Infrastructure, Sustainability, Resilience

Environmental technology concept. Sustainable development goals.

How can we design processes, systems, and materials to provide greater adaptability to a rapidly changing world? This research area is an expansive exploration into ideas for building more resilience into important human infrastructures, from power grids to financial and economic systems, from materials to how we manufacture, store, and transport them. The array of initiatives in this new thrust will grow quickly, as more and more initiatives focus on building a more resilient world.

Current Research

Kathy High, Professor of Video and New Media, HASS

Professor High is an interdisciplinary artist working in the area of technology, science and art. She produces videos, photographs, writings, performances and installations about gender and technology, empathy, and animal sentience. In the last ten years she has become interested in working with living systems, animals and art, considering the social, political and ethical dilemmas of biotechnology and surrounding industries. Her most recent art works include a video documentary about green or natural burials, entitled Death Down Under; and a performance/visual arts project called Blood Wars that uses white blood cells to test an individual’s strengths (see http://vampirestudygroup.com/bloodwars/).

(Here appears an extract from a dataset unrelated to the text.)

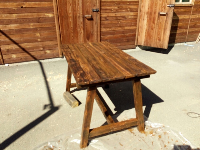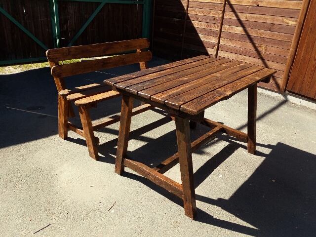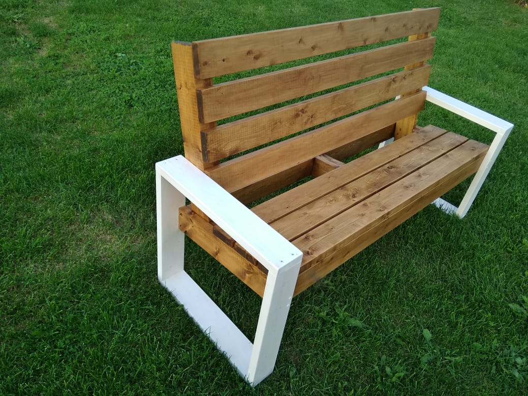 Сделал новую из сосны. Подлокотники покрыты белым антисептиком. Остальное маслом для садовой мебели цвета Тик.
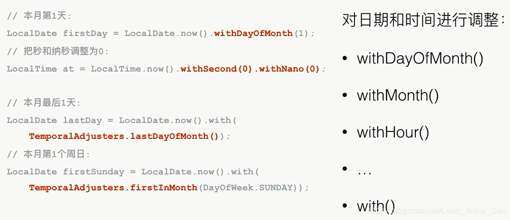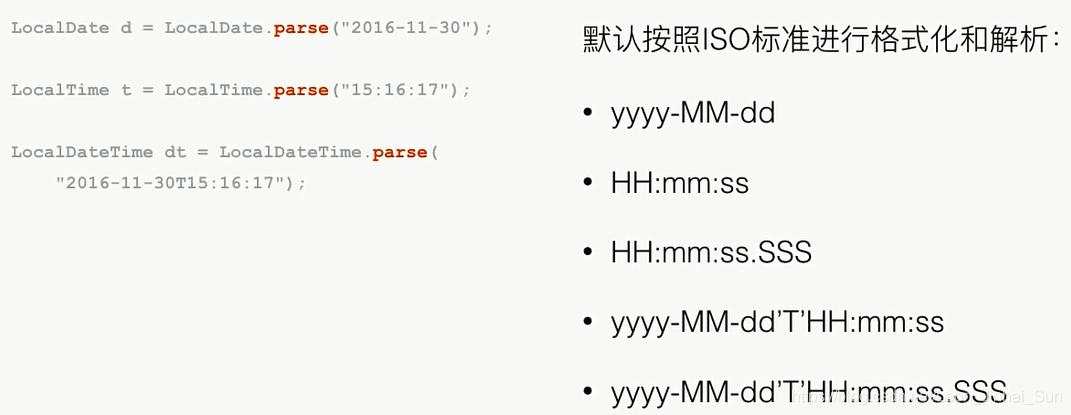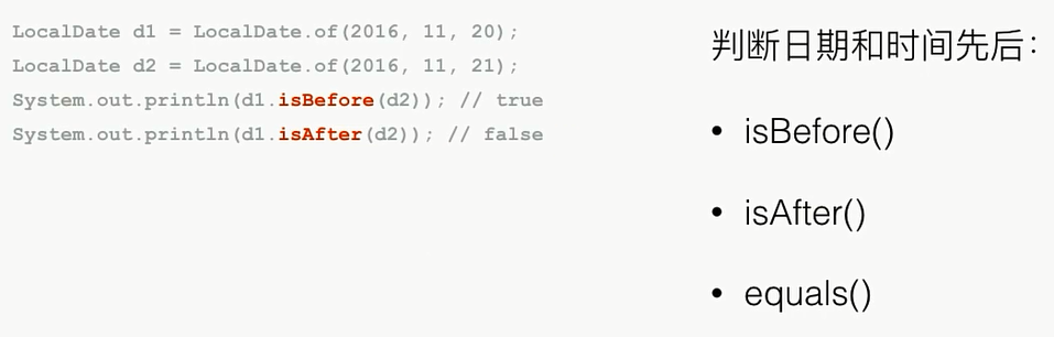 我们要注意,LocalDateTime是无法与Long进行转换的:1. 这是因为从设计上LocalDateTime他是没有时区的概念,因为LocalDateTime他是没有时区,我们也无法确定某一个时刻2. ZoneDateTime他是有时区的,所以他可以与Long交换最后我们总结一下LocalDate,LocalTime,LocalDateTime:1. 他们都是不变类2. 默认按照ISO-8601标准格式化和解析3. 我们使用DateTimeFormatter自定义格式化和解析4. 我们可以通过plusDays和minusHours等方法对日期和时间进行加减,返回新的对象5. 我们使用withDayOfMonth/with等方法调整日期和时间,返回新的对象6. 我们还可以使用isBefore/isAfter/equals判断日期和时间的先后

These projects have allowed High to investigate areas such as decomposition and the immune system.

Rick Relyea, Professor of Biological Sciences and David M. Darrin ’40 Senior Endowed Chair, Director of the Darrin Fresh Water Institute

The Darrin Center is conducting foundational and translational research in environmental problems such as ecology, disease ecology, ecotoxicology, evolution, animal behavior science and engineering, with a goal of better understanding the natural world and help solve real-world challenges.

Mattheos Koffas, Dorothy and Fred Chau ʼ71 Career Development Constellation Professor in Biocatalysis and Metabolic Engineering, Chemical and Biological Engineering

Helen Zha, Assistant Professor in Chemical and Biological Engineering, Materials Science & Engineering

The overwhelming majority of plastics used today are derived from petrochemical feedstocks. Even with ideal application of conventional recycling strategies, these plastics can only be recycled a limited number of times before end-of-life disposal by incineration or dumping in landfills, leading ultimately to greenhouse gas emissions, pollution and disruption of natural ecosystems, and loss of feedstock material. For the sustainability of mankind’s endeavors, future manufacturing will need to focus on materials with closed-loop lifecycles rather than the traditional linear extract-process-consume-dispose paradigm. The collaborative research of Professors Zha and Koffas aims to develop new technologies and conceptual frameworks that enable a regenerative circular economy for the plastics industry that utilizes protein-based polymers. By leveraging the diversity of amino acid building blocks and the synthetic precision afforded by genetic templates, these polymers can potentially exhibit tunable properties targeted for a broad range of applications. The goals of this work are multi-faceted, including engineering new microorganisms that can upcycle recalcitrant plastic into high value protein-based bioplastics and using computational and experimental methods to understand the relationship between protein sequence and material structure and properties across hierarchical length scales. Ultimately, this research works to transform the non-degradable plastic waste generated by our current economy into robust biobased materials for use in the renewable, waste-free economy of the future.